[Opening Material shown section]

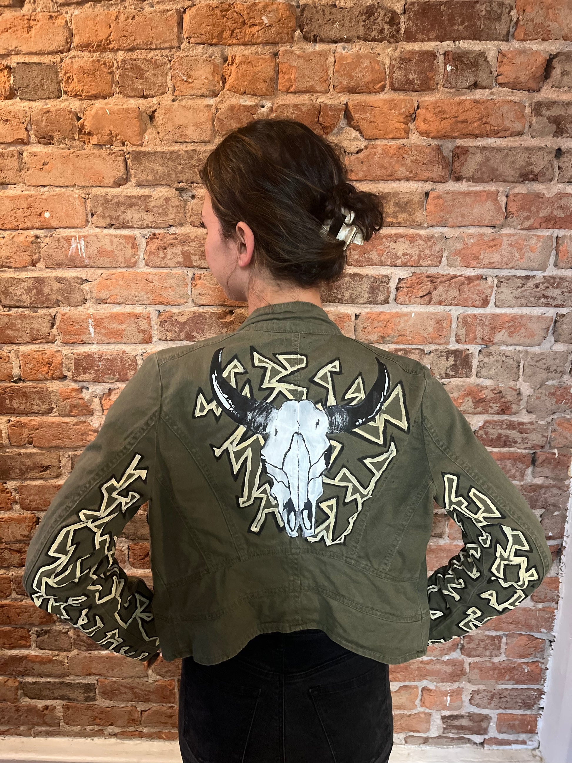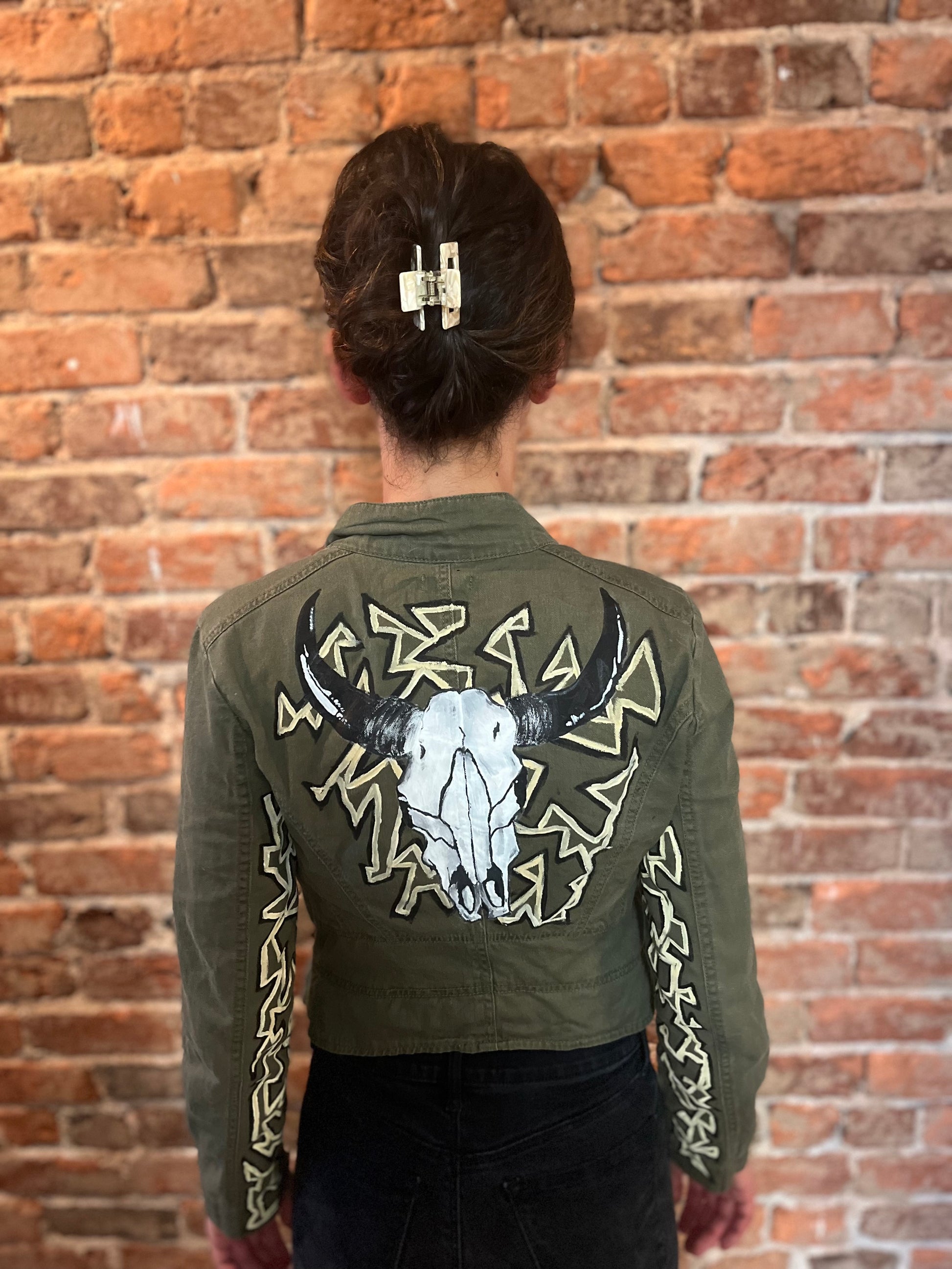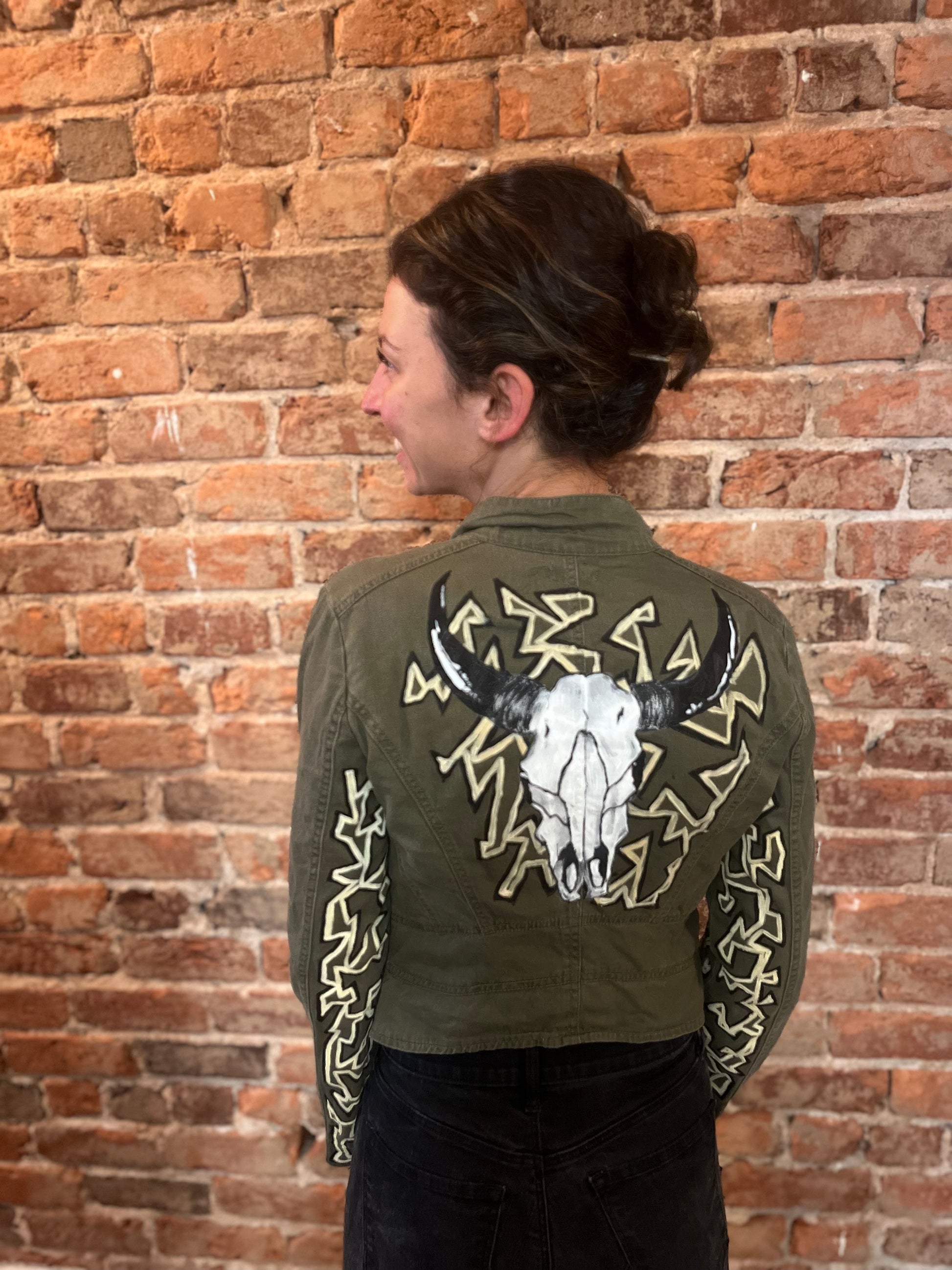 This medium size jacket has a beautiful shape that fits a woman's shape, and I wanted to ensure that my design was in line with the bodice of this jacket. That is how I arrived at the abstract background in the back.
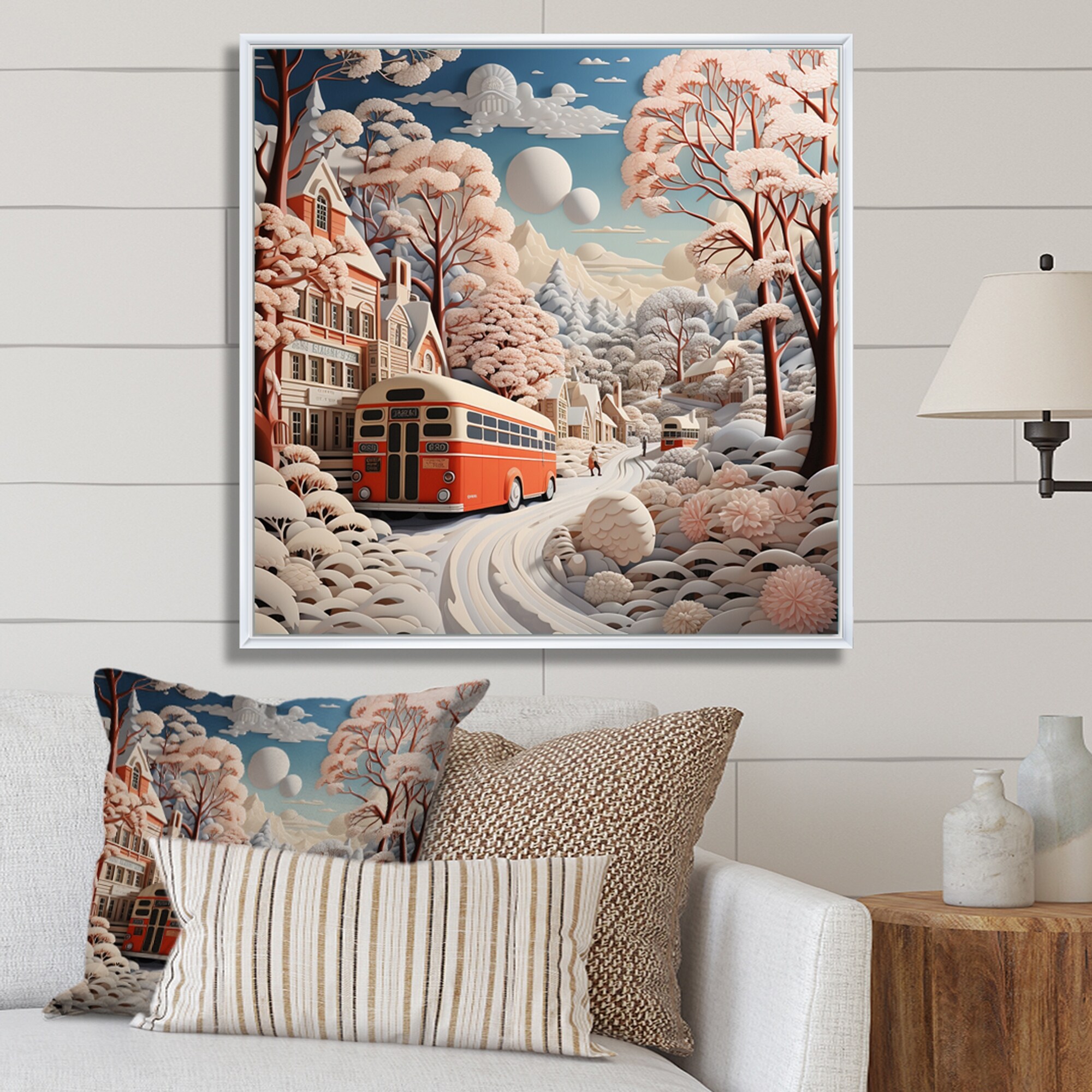 Designart "Red And White Winter Silent Symphony I" Winter Landscape Framed Canvas Wall Art
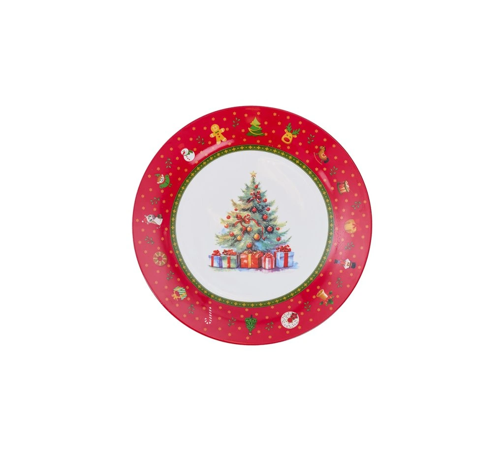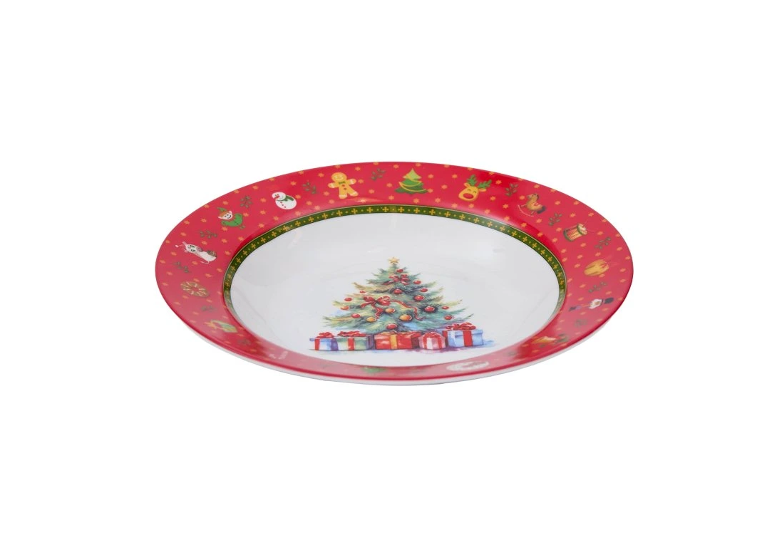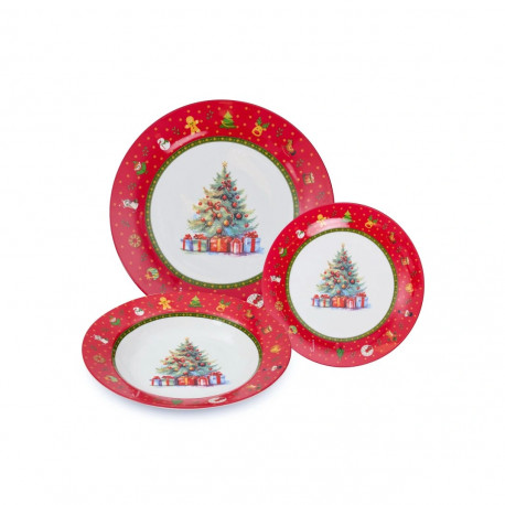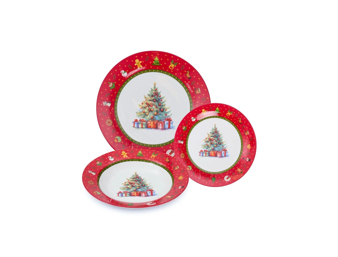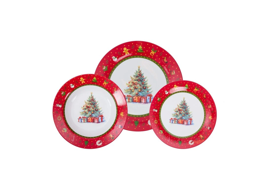 Set vianočných tanierov obsahuje plytký malý tanier, plytký veľký tanier a hlboký tanier. S každého typu tanierov po šesť kusov, spolu 18 kusov tanierov.
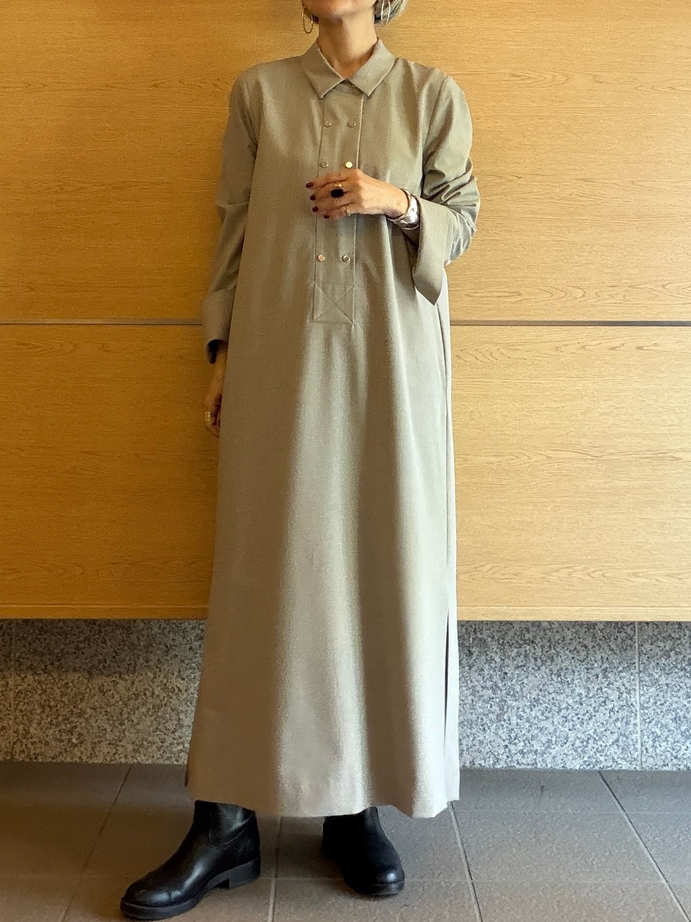 ストレートシルエットのハンサムワンピースは、綺麗めながら少しモード感を感じる「小慣れデザイン」。
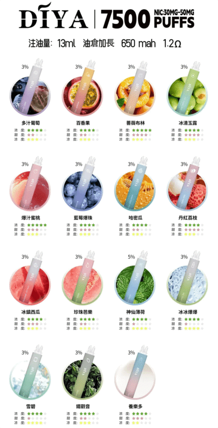 DIYA叮啞拋棄式7500 Puffs一次性電子煙3%
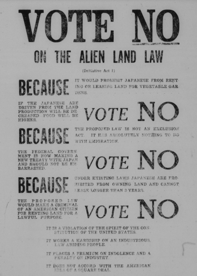 In 1920, anti-Japanese feeling in California was intense. In 1913, the state had passed the Alien Land law, which sought to prevent Japanese immigrants from owning or leasing land.
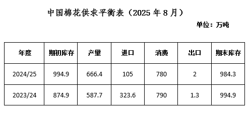 中國棉花協會8月預測,2024/25年度全國棉花消費量780萬噸,同比下降1.3%;進口量105萬噸,同比下降67.6%;產量666.4萬噸,同比增13.4%;期末庫存984.3萬噸,同比下降1.1%。
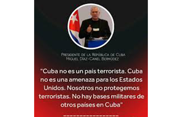 ¿Cómo puede hablar de terrorismo en Cuba, un país que ha sido víctima del terrorismo por parte de ese que nos está acusando? Es una desfachatez, es una inmoralidad, es una manipulación, es una mentira, es una calumnia; pero nosotros tenemos hechos muy recientes, y con qué deshonestidad los gobiernos de Estados Unidos han movido la temática del terrorismo culpando a Cuba.
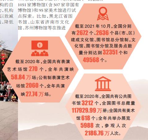 近年來,各地結(jié)合決勝脫貧攻堅(jiān)、推動(dòng)鄉(xiāng)村振興和新時(shí)代文明實(shí)踐中心建設(shè),加快完善基層公共文化設(shè)施網(wǎng)絡(luò),特別是一些中西部省份,在歷史欠賬較多、經(jīng)濟(jì)下行壓力大的情況下,拿出真金白銀推進(jìn)改革。截至2020年年底,全國已建成村、社區(qū)綜合性文化服務(wù)中心57萬多個(gè),基本實(shí)現(xiàn)全覆蓋。
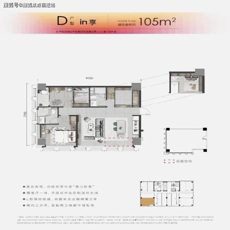 复合夹层,功能实用可变“第三卧室”;餐客厅一体设计,开放式中岛可成为派对主场;南向三开间规制,窗外即是“都会绿洲”。
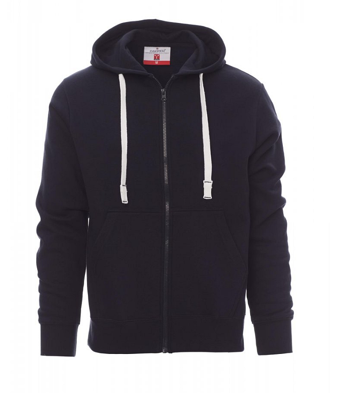 Pánská mikina s kapucí s plastovým skrytým celozipem s jedním kovovým jezdcem, kapuce, stahovací šňůrka s barevně sladěným prošitím, všívané rukávy, klokaní kapsa, manžety a pas s elastickým žebrováním, zesílené švy. Vyztužená páska sladěné barvy na vnitřní straně krku.
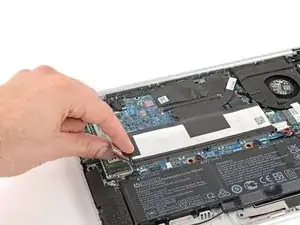 Если крышку трудно снять, слегка подогрейте её с помощью iOpener или фена. Будьте осторожны, чтобы не перегреть клейкую ленту или соседние компоненты.
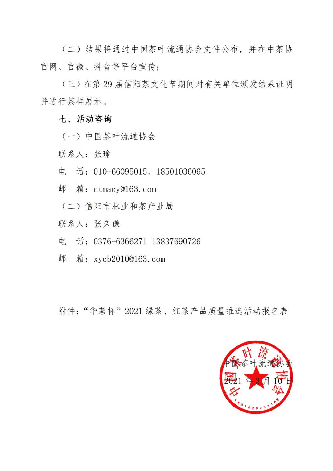 本文標(biāo)題:關(guān)于邀請(qǐng)參加“華茗杯”2021綠茶、紅茶產(chǎn)品質(zhì)量推選活動(dòng)的通知 - 茶葉新聞_中國(guó)茶葉新聞_國(guó)際茶葉新聞
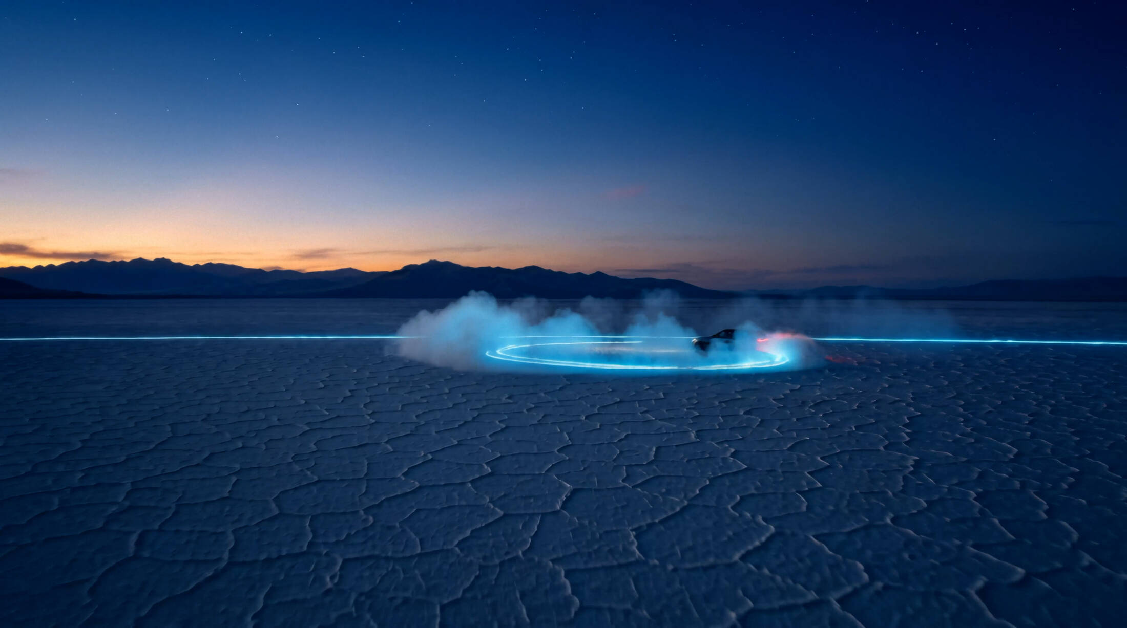 Becky Evans' hypnotic test drive: drifting across a limitless salt flat.
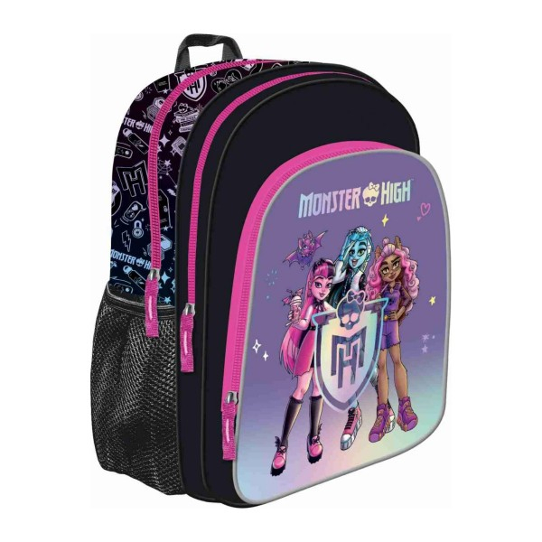 Ghiozdan St.Majewski Monster High, 38cm, 3 compartimente, negru cu mov
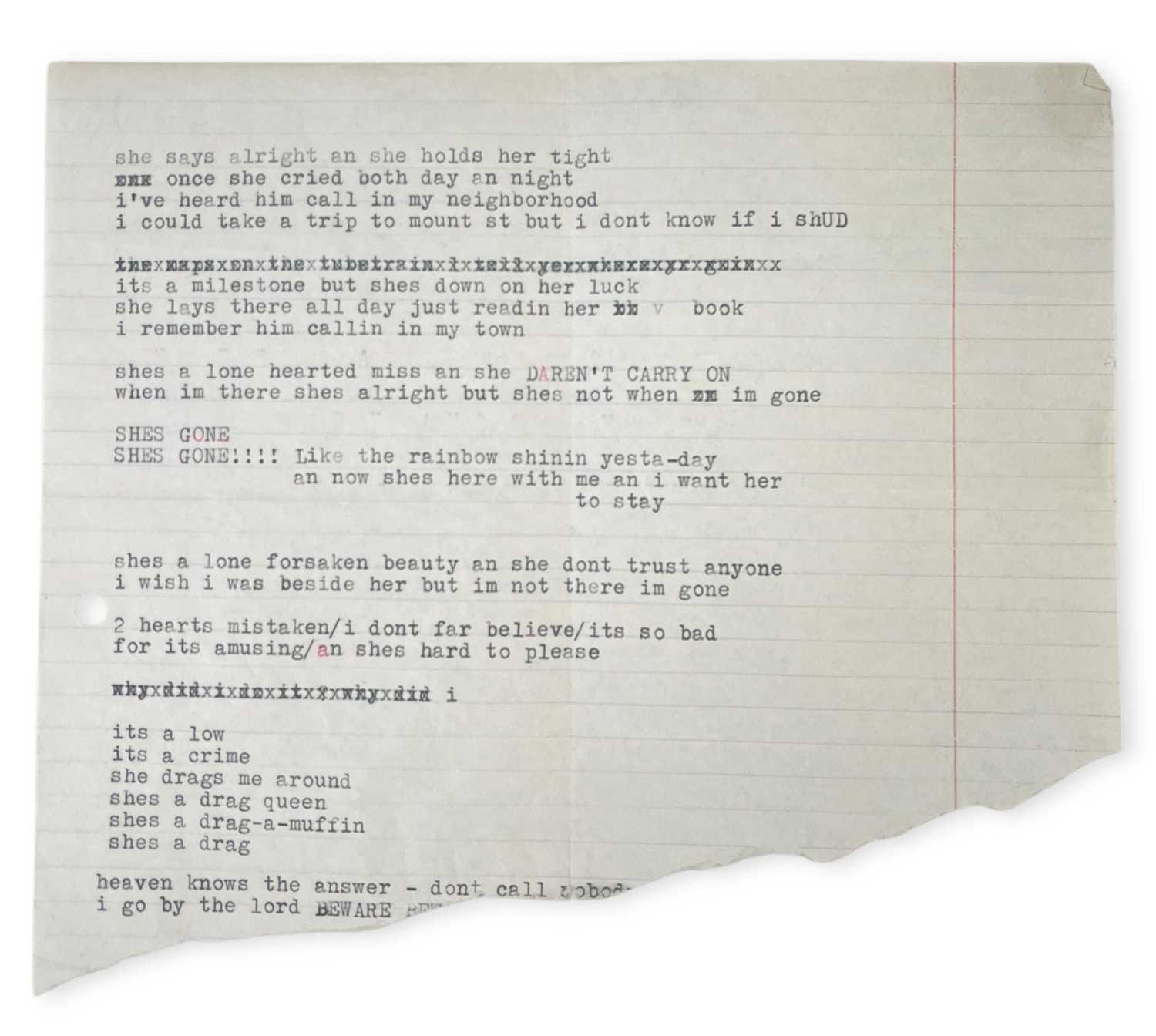 Πρόκειται για μια σκισμένη σελίδα με δακτυλογραφημένους στίχους του τραγουδιού «I’m Not There», το οποίο γράφτηκε το 1967, σε μια ιδιαίτερα δημιουργική περίοδο για τον Bob Dylan. Το εύρημα ανακαλύφθηκε μέσα σε ένα αντίτυπο πρώτης έκδοσης του βιβλίου «Ankor Wat» του Allen Ginsberg, το οποίο ανήκε στη Sally Grossman, στενή φίλη του καλλιτέχνη και σύζυγο του πρώτου μάνατζέρ του, Albert Grossman.

[Closing Material shown section]

#### Activity
Only the lines from the one holding "近年來,各地結(jié)合決" through the last line of the records should be output, please, exactly and without any pictures.

#### Solution
 近年來,各地結(jié)合決勝脫貧攻堅(jiān)、推動(dòng)鄉(xiāng)村振興和新時(shí)代文明實(shí)踐中心建設(shè),加快完善基層公共文化設(shè)施網(wǎng)絡(luò),特別是一些中西部省份,在歷史欠賬較多、經(jīng)濟(jì)下行壓力大的情況下,拿出真金白銀推進(jìn)改革。截至2020年年底,全國已建成村、社區(qū)綜合性文化服務(wù)中心57萬多個(gè),基本實(shí)現(xiàn)全覆蓋。
 复合夹层,功能实用可变“第三卧室”;餐客厅一体设计,开放式中岛可成为派对主场;南向三开间规制,窗外即是“都会绿洲”。
 Pánská mikina s kapucí s plastovým skrytým celozipem s jedním kovovým jezdcem, kapuce, stahovací šňůrka s barevně sladěným prošitím, všívané rukávy, klokaní kapsa, manžety a pas s elastickým žebrováním, zesílené švy. Vyztužená páska sladěné barvy na vnitřní straně krku.
 Если крышку трудно снять, слегка подогрейте её с помощью iOpener или фена. Будьте осторожны, чтобы не перегреть клейкую ленту или соседние компоненты.
 本文標(biāo)題:關(guān)于邀請(qǐng)參加“華茗杯”2021綠茶、紅茶產(chǎn)品質(zhì)量推選活動(dòng)的通知 - 茶葉新聞_中國(guó)茶葉新聞_國(guó)際茶葉新聞
 Becky Evans' hypnotic test drive: drifting across a limitless salt flat.
 Ghiozdan St.Majewski Monster High, 38cm, 3 compartimente, negru cu mov
 Πρόκειται για μια σκισμένη σελίδα με δακτυλογραφημένους στίχους του τραγουδιού «I’m Not There», το οποίο γράφτηκε το 1967, σε μια ιδιαίτερα δημιουργική περίοδο για τον Bob Dylan. Το εύρημα ανακαλύφθηκε μέσα σε ένα αντίτυπο πρώτης έκδοσης του βιβλίου «Ankor Wat» του Allen Ginsberg, το οποίο ανήκε στη Sally Grossman, στενή φίλη του καλλιτέχνη και σύζυγο του πρώτου μάνατζέρ του, Albert Grossman.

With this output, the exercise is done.